Effect of heat treatment on structural and magnetic features of nanostructured Ni-Co-Mn-Al Heusler alloy obtained by planetary ball mills

Abstract

This paper investigates the structural, microstructural and magnetic properties observed at room temperature and after high-temperature heat treatment of Ni-Co-Mn-Al Heusler alloy, produced by high-energy ball milling. A number of characterization techniques were employed to study morphology, structural composition, thermal transitions, phase changes and magnetic shifts, including: room and high temperature XRD analysis, SEM-EDXS, DSC, TEM and VSM. The obtained alloy is a homogeneous mixture of agglomerated rounded grains with an average size of around 60 µm, composed mainly of a metastable martensitic phase (L1₀) and a minority austenitic phase (B2).
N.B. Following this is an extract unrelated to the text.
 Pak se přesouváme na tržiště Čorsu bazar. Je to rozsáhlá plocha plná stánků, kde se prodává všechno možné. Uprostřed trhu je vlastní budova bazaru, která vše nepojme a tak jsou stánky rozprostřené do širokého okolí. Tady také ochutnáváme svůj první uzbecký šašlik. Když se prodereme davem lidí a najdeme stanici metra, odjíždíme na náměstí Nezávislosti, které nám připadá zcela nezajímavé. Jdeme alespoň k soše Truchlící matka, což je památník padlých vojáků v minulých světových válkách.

High-temperature XRD characterization confirms the complete formation of the ordered B2 Heusler phase from 573 K. Crystallite size increases with temperature, but microdeformations drop significantly due to relaxation of residual stresses. Magnetic measurements show that magnetization saturation, and coercivity values increase after each high-temperature heat treatment, making the alloy’s magnetic behavior softer. The increase in saturation magnetization values indicates that a greater number of magnetic domains are aligned in the same direction within the material, enabling it to be more magnetized. This improvement in magnetic performance makes the material more suitable for various applications such as transformers, electric motors or magnetic sensors.